In foreign politics, PM Orbán continues to gradually isolate his government (and country) from the western world, the latter including the mainstream states of the EU. This process seems to be largely irreversible as far as he is concerned, although how far it can go, and over what time period, is pretty much unclear. Our current main scenario is that the EU will not take any major action directly against Hungary (and Poland) at any time in the foreseeable future.

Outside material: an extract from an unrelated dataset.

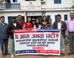 काठमाडौं / आम जनता पार्टी (आजपा)ले काठमाडौंको विभिन्न क्षेत्रमा बसोबास गर्दै आएका सुकुम्वासीहरुलाई जग्गाधनी लालपुर्जा दिन माग गर्दै भूमी समस्या समाधान आयोग ताहाचल, काठमाडौंमा आज ज्ञापनपत्र बुझाएको छ ।

Instead, it is likely to aim at PM Orbán’s gradual weakening by the acceleration of European institutional and policy integration (the main line of EU policy anyway), by a reform of the system of EU transfers for 2021-2027, and by not rushing to help Hungary out if it uses up its existing transfer quotas earlier than the time when the setting of any new allocations would be due.

In domestic politics, however, PM Orbán still holds the support of close to 30% of the total voting population, and is set to win the upcoming parliamentary election in 2018, and the subsequent local government and EU parliament elections due in 2019. However, just as we said earlier, this is likely to happen at the expense of maintaining a set of unsustainable macroeconomic policies in 2017-2019, which will most likely lead to a major correction by 2020. The possible political consequences of any such macroeconomic correction are completely unclear for the moment, in part because there is no evident successor of Fidesz in sight, in case of the potential need for a government change.